The present project is aimed to verify the effectiveness of this potential masking strategy, and to develop specific, selective, and suitable analytical methods to ensure its detection by the WADA-accredited laboratories.
Main Findings:
The detection, and ideally quantification, of doping agents that still remain “invisible” to the anti-doping laboratories are one of the most urgent challenges for the anti-doping community. To be “invisible”, a doping agent needs to satisfy one or more of the following conditions: (i) to be still unknown; (ii) to be identical to an endogenous substance, (iii) to be present in the biological fluids in a concentration smaller than the limit of detection of the available analytical methods, and/or (iv) to be masked by masking agents that are themselves unknown. This research project has specifically addressed this last point.
In the last few years, novel and potentially more effective masking agents have been considered in sport doping. Among them, drug delivery systems (DDS) seem to be particularly attractive to cheaters. DDS may indeed be used to alter the absorption, release, distribution and excretion profile of prohibited drugs, making their detection by the WADA-accredited laboratories more problematic.

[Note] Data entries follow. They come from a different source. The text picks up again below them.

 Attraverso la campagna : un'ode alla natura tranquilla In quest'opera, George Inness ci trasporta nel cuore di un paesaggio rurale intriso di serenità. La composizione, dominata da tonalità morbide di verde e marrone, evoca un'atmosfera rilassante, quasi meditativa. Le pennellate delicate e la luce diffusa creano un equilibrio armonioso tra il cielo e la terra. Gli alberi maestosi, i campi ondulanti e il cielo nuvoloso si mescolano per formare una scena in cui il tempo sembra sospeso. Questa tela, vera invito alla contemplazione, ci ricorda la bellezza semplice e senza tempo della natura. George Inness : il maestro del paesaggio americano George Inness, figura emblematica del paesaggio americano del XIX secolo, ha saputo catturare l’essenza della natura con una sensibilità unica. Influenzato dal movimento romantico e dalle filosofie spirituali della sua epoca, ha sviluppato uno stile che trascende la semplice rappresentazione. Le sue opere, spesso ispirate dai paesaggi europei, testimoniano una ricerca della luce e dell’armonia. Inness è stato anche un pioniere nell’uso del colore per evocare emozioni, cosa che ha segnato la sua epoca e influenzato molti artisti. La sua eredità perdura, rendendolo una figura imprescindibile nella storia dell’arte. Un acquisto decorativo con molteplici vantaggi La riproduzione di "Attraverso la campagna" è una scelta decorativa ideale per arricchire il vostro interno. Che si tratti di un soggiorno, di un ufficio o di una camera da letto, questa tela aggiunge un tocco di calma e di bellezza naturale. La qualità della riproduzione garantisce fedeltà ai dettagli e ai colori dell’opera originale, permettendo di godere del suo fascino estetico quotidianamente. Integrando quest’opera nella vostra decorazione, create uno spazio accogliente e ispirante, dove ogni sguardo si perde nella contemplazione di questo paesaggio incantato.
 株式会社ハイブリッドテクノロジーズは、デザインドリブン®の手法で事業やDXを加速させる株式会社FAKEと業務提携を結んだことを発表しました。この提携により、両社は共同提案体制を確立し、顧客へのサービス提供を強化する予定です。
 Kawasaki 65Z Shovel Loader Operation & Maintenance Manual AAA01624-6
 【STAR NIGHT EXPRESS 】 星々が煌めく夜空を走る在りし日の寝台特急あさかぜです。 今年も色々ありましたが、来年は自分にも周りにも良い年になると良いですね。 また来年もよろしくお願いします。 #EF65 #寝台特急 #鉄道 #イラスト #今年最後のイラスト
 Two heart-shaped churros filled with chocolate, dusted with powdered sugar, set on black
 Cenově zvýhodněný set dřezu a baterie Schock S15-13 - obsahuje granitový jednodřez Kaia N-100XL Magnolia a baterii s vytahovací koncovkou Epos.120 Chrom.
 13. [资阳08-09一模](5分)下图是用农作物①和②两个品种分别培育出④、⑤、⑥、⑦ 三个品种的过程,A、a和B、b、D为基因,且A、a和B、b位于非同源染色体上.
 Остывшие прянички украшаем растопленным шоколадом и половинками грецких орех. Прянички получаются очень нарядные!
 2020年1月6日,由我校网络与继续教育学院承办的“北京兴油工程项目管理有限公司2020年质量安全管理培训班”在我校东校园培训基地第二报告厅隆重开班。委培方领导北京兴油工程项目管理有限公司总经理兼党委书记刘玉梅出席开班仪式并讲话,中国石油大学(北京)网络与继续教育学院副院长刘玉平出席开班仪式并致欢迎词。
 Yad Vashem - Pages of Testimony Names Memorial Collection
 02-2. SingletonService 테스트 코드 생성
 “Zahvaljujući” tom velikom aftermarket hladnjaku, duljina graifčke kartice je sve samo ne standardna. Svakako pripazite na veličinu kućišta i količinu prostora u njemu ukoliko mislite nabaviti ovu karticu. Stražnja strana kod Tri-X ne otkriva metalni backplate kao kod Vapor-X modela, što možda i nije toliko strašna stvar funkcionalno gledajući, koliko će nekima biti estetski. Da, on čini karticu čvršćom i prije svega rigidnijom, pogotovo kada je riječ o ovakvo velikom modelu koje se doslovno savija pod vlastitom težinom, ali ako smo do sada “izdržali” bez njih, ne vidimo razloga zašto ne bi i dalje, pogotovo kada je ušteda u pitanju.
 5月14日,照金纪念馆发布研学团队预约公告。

In this study we have considered a particular class of prohibited drugs vehiculated by drug delivery systems, and, specifically liposomial encapsulated hemoglobins (LEHs). Basically, LEHs, tha are also defined “hemosomes”, are a new form of hemoglobin-based oxygen carriers (HBOCs) that mimic the oxygen diffusivity of erythrocytes, so that they may be considered “artificial red blood cells” rather than “artificial hemoglobins”. Besides their multiple, potential clinical applications, and their extremely promising therapeutic utility, LEHs could be misused as a sport doping practice, since they can increase the oxygen carrying capacity of blood, with the consequent improvement of sport performance, especially in endurance disciplines. Although LEH are not commercially available yet, their preparation is relatively straightforward, and this may increase the interest of those seeking an “invisible” way to take advantage of “blood doping”.
The main results of the present research project can be summarized as follows: I. Liposome-encapsulated haemoglobins (LEHs) are stable enough to be illicitly used as performance-enhancing drugs.
II. LEHs are “challenging” to detect with current methods for the initial testing analysis are applied.
III. Direct detection of LEHs in blood can be achieved by targeting the intact liposome-hemoglobin complex by flow cytofluorimetry with double coloring. The performance of the methods is further improved by using coated microbeads.
IV. Indirect detection of the intake of LEHs and/or of other liposome vehiculated drugs can be performed by HPLC-MS/MS using a aqueous normal phase, by monitoring the entire phospholipid and sphingomyelin profile in urine. The above results confirm what already reported in a previous research project also funded by the WADA (project code 09D9FB), i.e. that liposomes could represent an effective form of “doping delivery systems”, with potential masking effects. Efficient detection of LEHs requires upgrade of routine detection methods to identify their intake either in blood (by flow cytofluorimetry based techniques) and/or in urine (by HPLC-MS/MS based techniques).